A rewarding aspect of working at C3 AI is the opportunity to support the U.S. Department of Defense (DoD) with applied AI solutions to solve real operational needs. As former naval officers with test and evaluation backgrounds, we, like others at C3 AI, respect the challenges DoD organizations face to transition digital transformation initiatives into operational capabilities.

One critical capability under the DoD’s digital transformation initiative is modeling and simulation (M&S)—and with it, the need to integrate multiple technologies into viable, integrated, and functional solutions. The models, whether they are AI-based, physics-based, mathematical, or logical representations, need to leverage all relevant internal and external enterprise data, structured and unstructured, and at multiple security levels. The insights these models generate need to be delivered intuitively and in a manner that is interoperable with an organization’s current operations.

Applying AI-Enhanced M&S Across the DoD

In December 2021, the Missile Defense Agency (MDA) established a $500 million ceiling Production Other-Transaction (P-OT) Agreement with C3 AI with the goal of applying AI-enhanced modeling and simulation across the DoD.

This ordering guide, which significantly expands C3 AI’s existing P-OT Agreement with MDA, allows any DoD agency to acquire C3 AI M&S products and services on an accelerated timeline. The agreement’s Department-wide scope validates the importance of applying AI to modeling and simulation initiatives across all phases of research development test & evaluation (RDT&E), operations, and sustainment.

Intended Use Categories for AI-Enhanced M&S

Within the DoD, M&S provides the foundation for organizational and technical decision making and plays an integral role in the systems engineering process. The MDA has made significant progress on developing a M&S enterprise with an effective framework for grouping use cases. Each application category focuses on one problem, which automatically binds the functionality’s scope, defines associated data, and guides the overall development. Each category can be mapped to an organizational plan, such as the systems engineering plan (see below).

Figure 1. M&S intended use categories mapped to an MDA systems engineering plan.

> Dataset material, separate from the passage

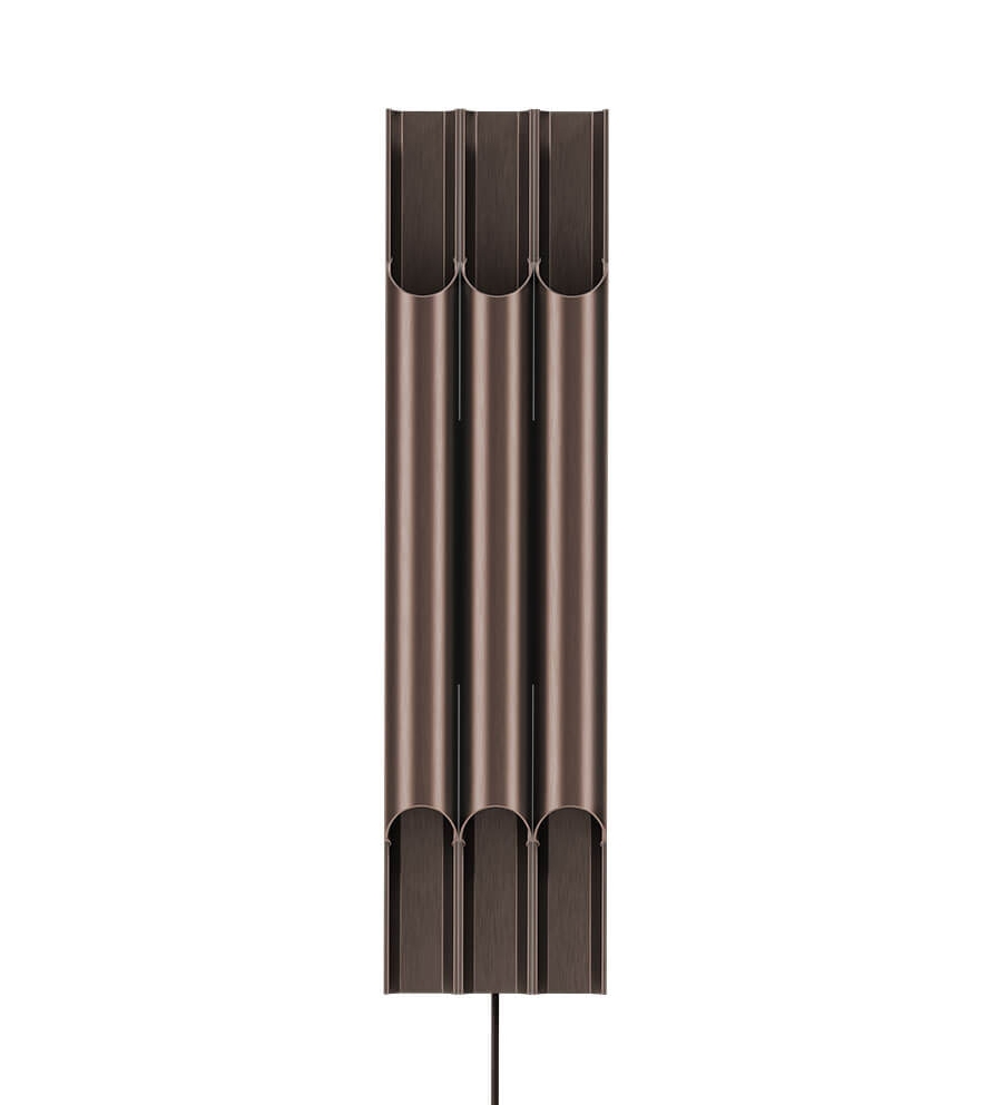 Kinkiet Pan 50 III to piękny i dekoracyjny projekt autorstwa Bent Karlby, inspirowany fletnią Pana. Lampa tworzy piękną grę świateł na ścianie dzięki otworom na górze i dole trzech błyszczących rur świetlnych z anodowanego aluminium z brązowym wykończeniem. Dwa źródła światła w każdej rurze zapewniają jednolite, miękkie światło z góry i dołu.

Intended use case categories (as defined by the MDA):

  1. Concept evaluation focuses on the planning and definition of future capabilities. These models and simulations provide engineers, analysts, and operators the ability to understand emerging needs, analyze alternative solutions and technologies, develop future system requirements, and predict performance for future capabilities.
  2. Developmental engineering efforts support tests of an element’s interaction and interoperability with other elements of the broader system. These models and simulations support rapid and dynamic prototyping and testing of interfaces when the operational version of software does not contain the necessary data to evaluate and develop new capabilities.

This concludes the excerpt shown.